# Autosleeper electrics



## 98740 (Apr 18, 2006)

The internal electrics on my (old) Autosleeper have stopped working. The hook-up still works, which powers a 240 volt socket, it's the stuff that runs on 12 volt that has given up. The control panel offers no clues. The fuses all look OK, as do the vehicle fuses. Any suggestions about what to look for? Is there a master fuse somewhere hidden away?

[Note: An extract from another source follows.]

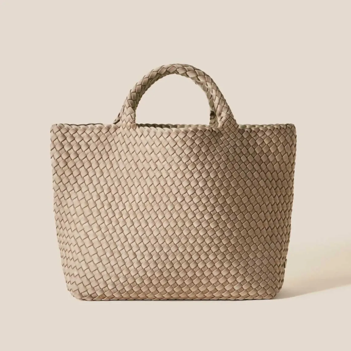 St Barths Tote Bag i medium fra Naghedi. Håndvevd neopren i beige. Barths Medium Tote er en allsidig hverdagsveske for jobb, strand eller reise.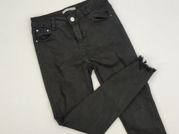 - Detale: subtelne przetarcia na nogawkach, postrzępione wykończenie dołów

All suggestions gratefuly received.


----------



## 88724 (May 9, 2005)

Hi Broc

Main Leisure battery fuse, by the battery


----------



## danielf (May 11, 2005)

Hi,

on my rambler there were, before I rewired it to make it work better!! , A pair of large rated fuses, one in line coming from the main battery, and one coming from the leisure battery.

Hope that helps,

Daniel.


----------



## spykal (May 9, 2005)

Hi Brocksman

I agree with the previous posters so check the inline fuse at the battery first but my son has a 1989 AS rapport and had a problem like that ..it fooled us for quite a while...the fuses on his Zig panel are this type:-










They are fitted into screw type holders on the face of the panel

With a visual examination the fuse looked just fine ...a test with a meter eventually led me back to the fuse which although it looked OK was not connecting....a new fuse and all was OK.

mike


----------



## 98740 (Apr 18, 2006)

There is an in-line fuse at the battery. I put a meter on it, and there is current from the battery terminal to the far side of the fuse. 

At the other end is a control board with six fuses, all test OK, although when I checked yesterday the fridge fuse had blown and I replaced it. There doesn't seem to be any power getting as far as that board.

Any more suggestions?


----------



## 88724 (May 9, 2005)

Hi

I think it is unlikely that you measured current accross the Fuse, resistance maybe?

If that fuse is ok the the wire connecting it to the board is next in line and only possibility left .

I am assuming that you have checked leisure battery Voltage?


----------



## 88944 (May 10, 2005)

*Autosleeper electrics.*

If it makes you feel any better, my brand new (March 06) Autosleepers electrics stopped working on it's first outing. They replaced the whole RCD box to solve it. It still keeps tripping out and blowing fuses.

Then the battery warning light came on on the instrument display, so Peugeot at Clerkenleap, Worcester had it in to replace the alternator. They replaced the alternator and then crashed the motorhome whilst manouvering it around the workshop.

Isn't life great!!

It is a nice motorhome though.

Regards,

Ian.


----------



## 98740 (Apr 18, 2006)

Maybe they don't build Autosleepers like they used to. This is the first time in 18 years we've had any problem with the electrics.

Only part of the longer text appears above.